Liverpool Magistrates’ Court has fined a Liverpool NHS Trust £10,000 after hearing that a 2006 survey revealed a possibility that asbestos material may be present in the basement of one of its properties. Despite a recommendation to further assess the situation, the trust failed to do so.
A Health and Safety Executive (HSE) investigation highlighted that patient records were kept in the basement and employees regularly accessed the area to collect and return the records.
A visit in 2013 by a NHS health and safety officer found that asbestos was present in the doors of an unused goods lift. Further investigation revealed that asbestos was present in other areas of the basement. Thus, those workers visiting the area were exposed to the potentially fatal material.

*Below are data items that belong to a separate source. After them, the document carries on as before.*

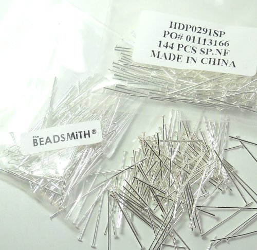 400 Head Pins .029dia X 1 Inch Silver Plating Over Brass Standard 21 Gauge Wire Beadsmith Headpins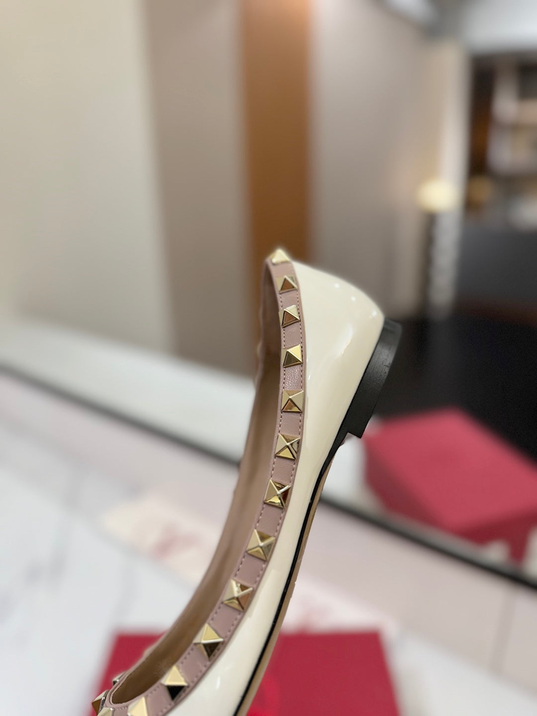 VT Rockstud Ballet Flat White Goatskin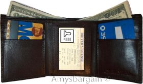 It has an easy in-and-out ID window, 9 card spaces and 2 lined bill fold pockets.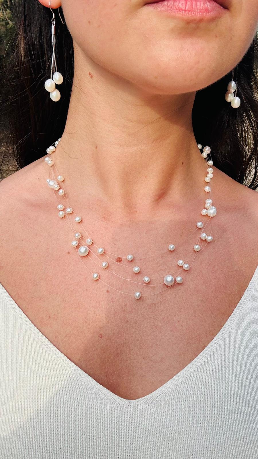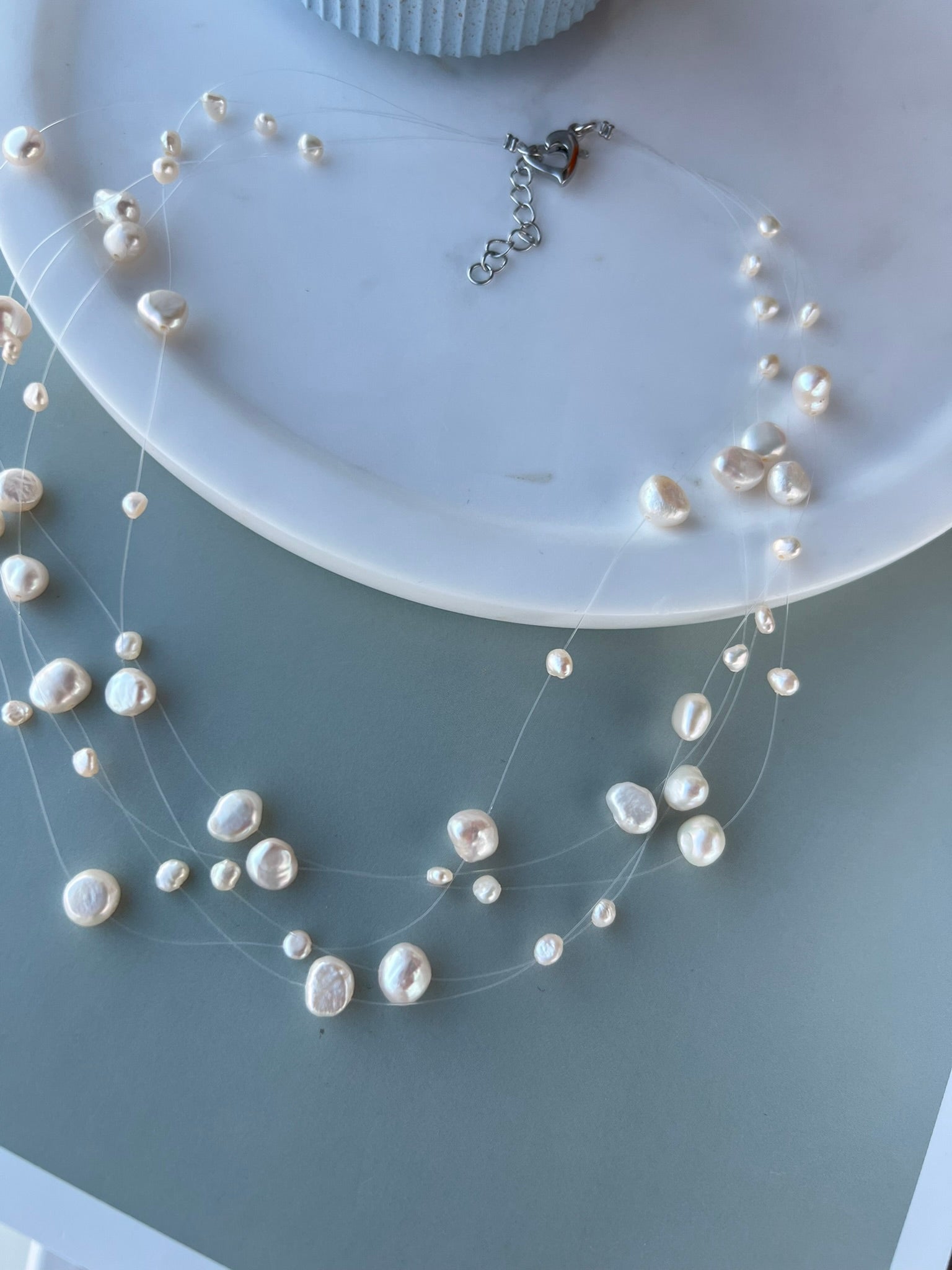 Herkkä ja ilmava kelluva helmikaulakoru, jossa aidot makeanveden helmet näyttävät leijuvan kauniisti iholla. Käsintehty koru, joka tuo asuusi keveyttä, eleganssia ja luonnollista hohdetta — täydellinen arkeen ja juhlaan

After pleading guilty to breaching the Health and Safety at Work Act 1974, the NHS Trust was fined £10,000 and ordered to pay £696 in costs.
After the case was heard, Imran Siddiqui of the HSE said:
“Around 4,000 people die every year as a result of breathing in asbestos fibres, making it the biggest single cause of work-related deaths in the UK.”
“It’s therefore vital that organisations take the risks from asbestos seriously. The Trust, in line with the 2006 survey, should have assumed asbestos was present in an area of the basement and taken appropriate action to make it safe for people working there.”
“Instead, workers were allowed to regularly visit the basement to access patient files increasing the risk of exposure to the potentially-deadly fibres.”
“Asbestos was extensively used as a building material in the 50s, 60s and 70s but it becomes dangerous if it is broken up and fibres are released. Airborne fibres can become lodged in the lungs or digestive tract and can lead to lung cancer or other diseases, but symptoms may not appear for several decades.”